§ **Your task**
Below are the records; extract from them the line containing "Входная дверь PIANO" to the line containing "Figure 3. Effect", both lines included, exactly and with no pictures.

§ **Data extract**
§ §

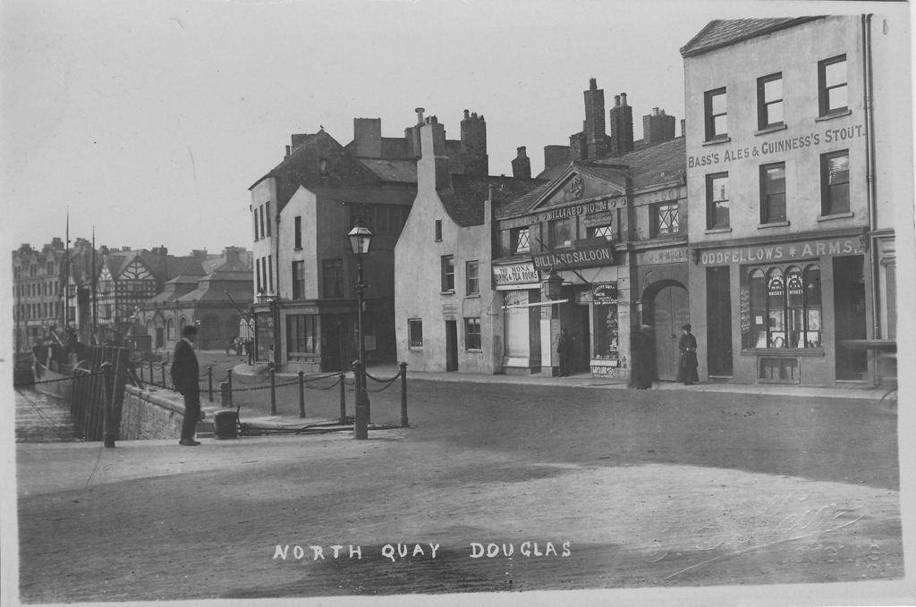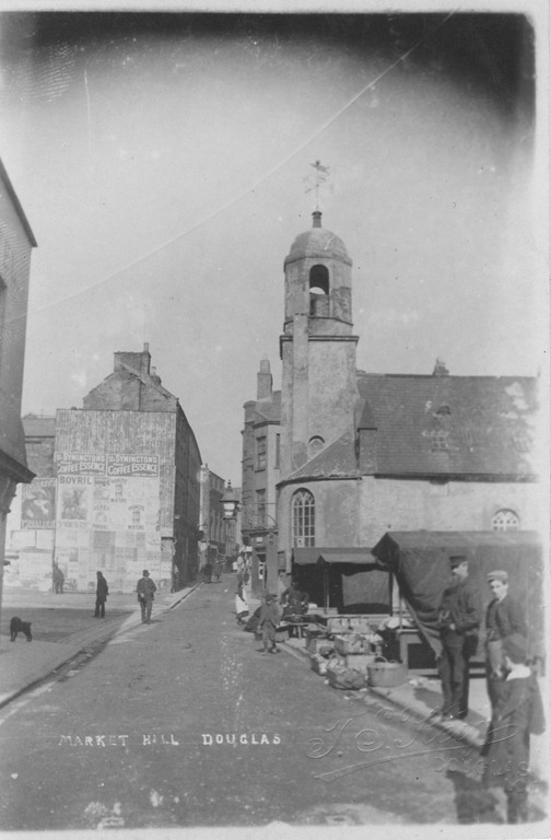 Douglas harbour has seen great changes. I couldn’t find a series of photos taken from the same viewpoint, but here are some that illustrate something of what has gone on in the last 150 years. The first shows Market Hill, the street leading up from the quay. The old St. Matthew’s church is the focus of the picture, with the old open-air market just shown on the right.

§ §

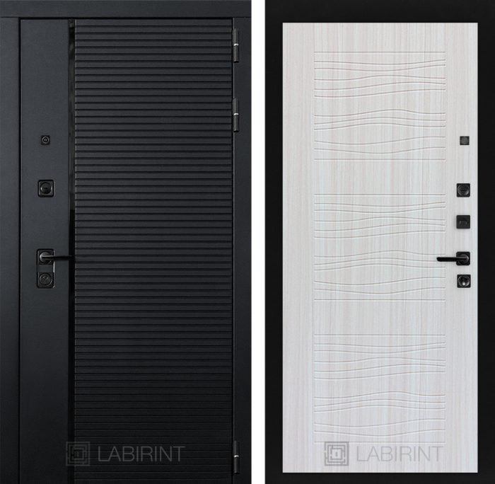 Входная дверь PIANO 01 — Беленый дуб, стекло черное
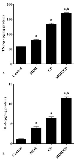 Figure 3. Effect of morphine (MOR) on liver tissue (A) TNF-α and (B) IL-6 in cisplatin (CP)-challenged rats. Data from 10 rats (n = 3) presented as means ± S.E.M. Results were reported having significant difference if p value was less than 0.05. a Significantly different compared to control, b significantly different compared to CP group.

§ §

§ **Answer to the exercise**
 Входная дверь PIANO 01 — Беленый дуб, стекло черное
 Figure 3. Effect of morphine (MOR) on liver tissue (A) TNF-α and (B) IL-6 in cisplatin (CP)-challenged rats. Data from 10 rats (n = 3) presented as means ± S.E.M. Results were reported having significant difference if p value was less than 0.05. a Significantly different compared to control, b significantly different compared to CP group.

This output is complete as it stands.